Member of the Australian Parliament for Fairfax
- In office 24 March 1990 – 5 August 2013
- Preceded by: Evan Adermann
- Succeeded by: Clive Palmer

Personal details
- Born: 18 January 1946 (age 80) Budapest, Hungary
- Party: Liberal
- Spouse: Jenny
- Children: 3
- Alma mater: Australian National University
- Occupation: Public servant

= Alex Somlyay =

Australian politician (born 1946)

Alexander Michael Somlyay (born 18 January 1946) is an Australian former politician. He was a member of the House of Representatives from 1990 to 2013, representing the Queensland seat of Fairfax for the Liberal Party. He briefly held ministerial office in the Howard government as Minister for Regional Development, Territories and Local Government from 1997 to 1998.

==Early life==
Somlyay was born on 18 January 1946 in Budapest, Hungary. He is of Hungarian-Jewish descent; he and his parents arrived in Australia in 1949 as stateless persons, with his parents having been stripped of their Hungarian citizenship during World War II. In the early 1990s he renounced any claim to Hungarian citizenship in accordance with section 44(i) of the Australian constitution, in advance of a new Hungarian law that would have granted citizenship retrospectively.

Somlyay joined the Commonwealth Public Service in 1963 and worked for several different departments.

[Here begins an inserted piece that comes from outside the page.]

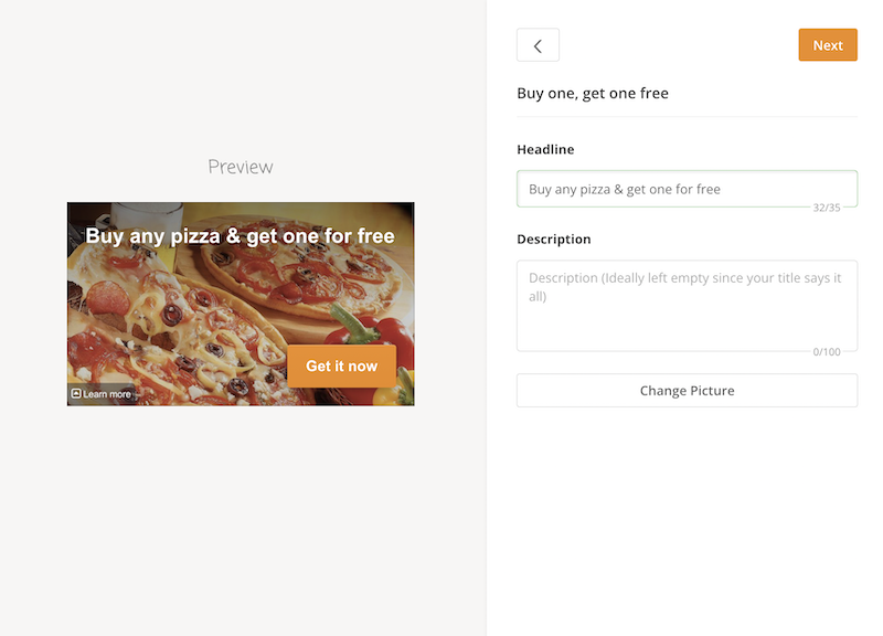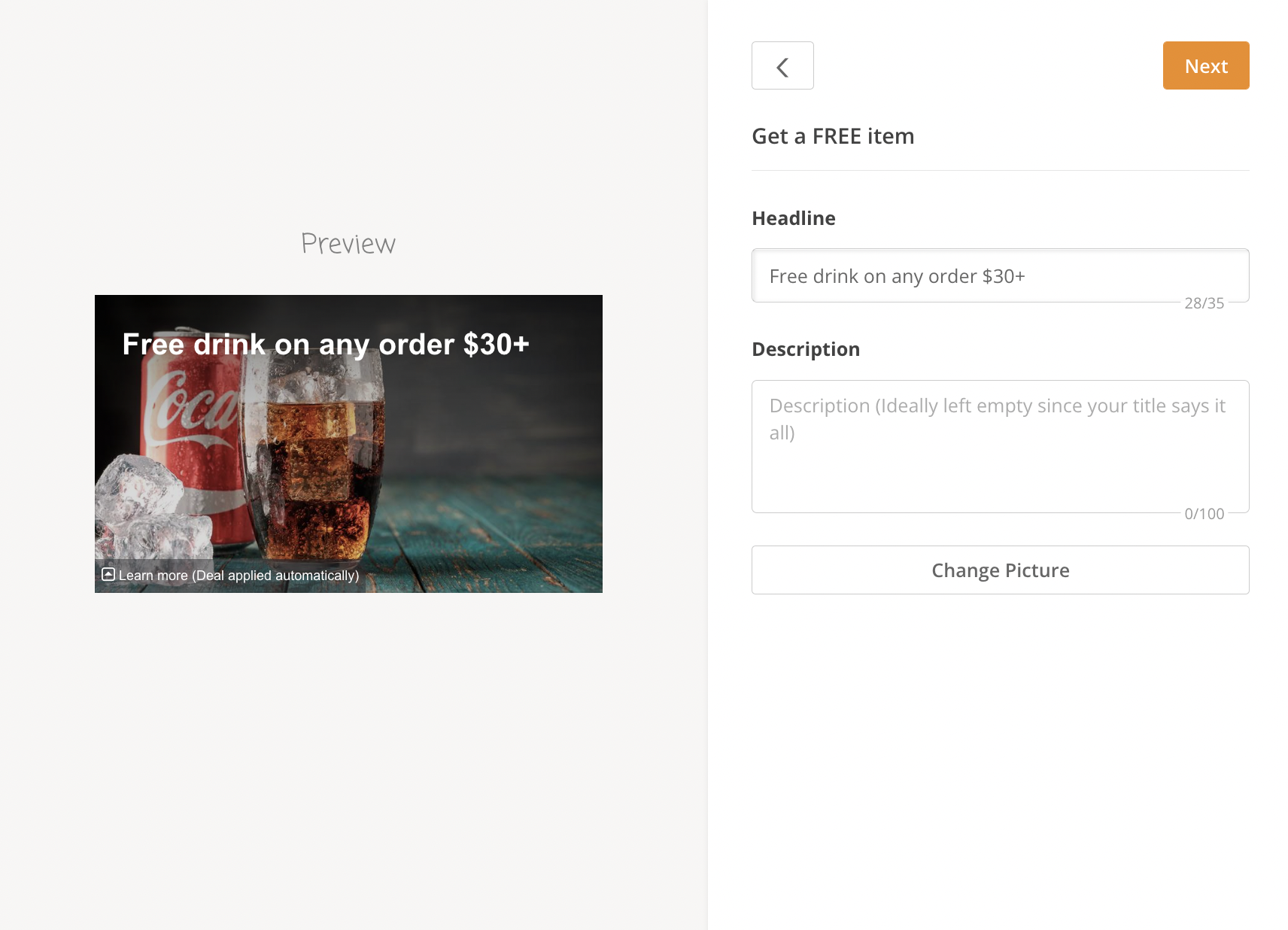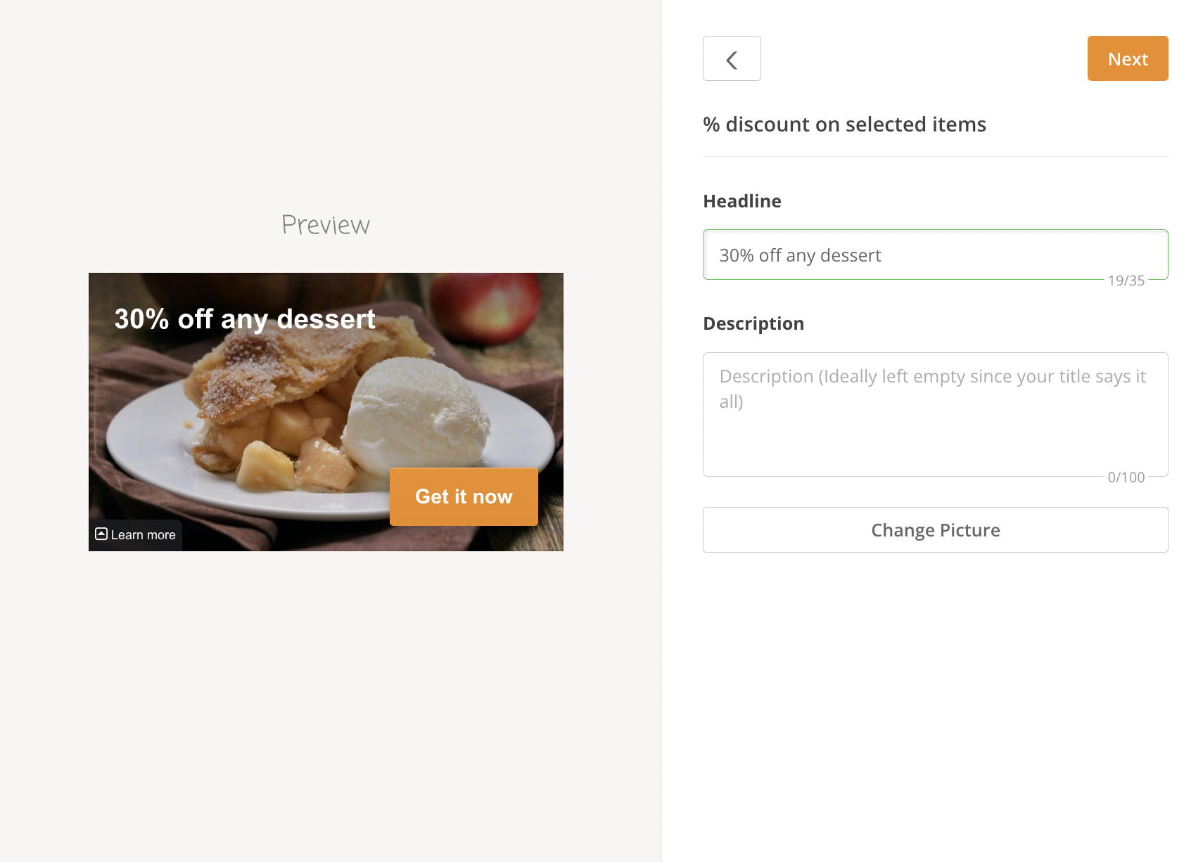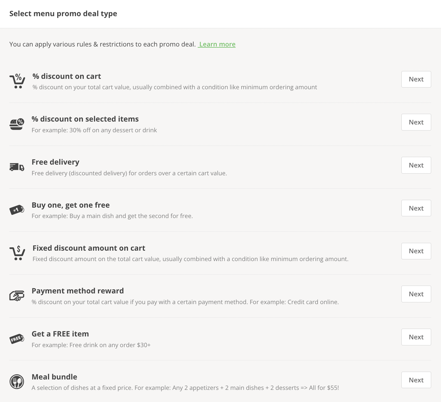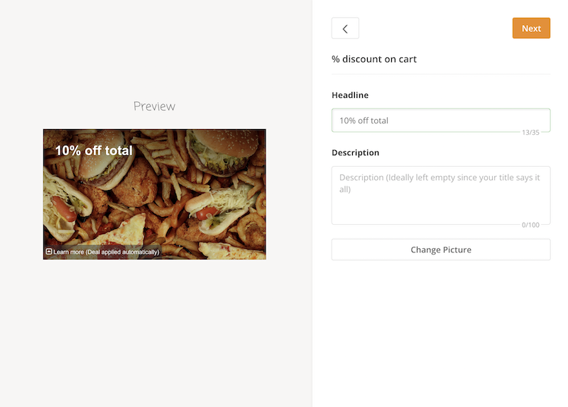 - Select the type of discount or promo you want from the list to start customizing it to your liking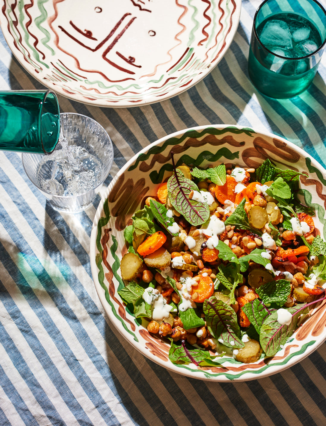 To make the salad, preheat the oven to 200–220˚C (390–430˚F). Put the chickpeas and carrots in a large mixing bowl, add the mustard, honey, salt and olive oil, and toss until the chickpeas and carrots are evenly coated. Transfer to a baking tray and bake for 20 minutes. Give the mixture a careful toss, add the pine nuts and return to the oven for another 5 minutes.

He completed the degree of Bachelor of Economics in 1975 at the Australian National University (ANU). He later moved to the Sunshine Coast, Queensland, where he was a consultant economist and company director.

==Politics==
Somlyay was senior private secretary to National Country Party MP Evan Adermann from 1976 to 1980. He later joined the Liberal Party and was chair of its Maroochydore branch.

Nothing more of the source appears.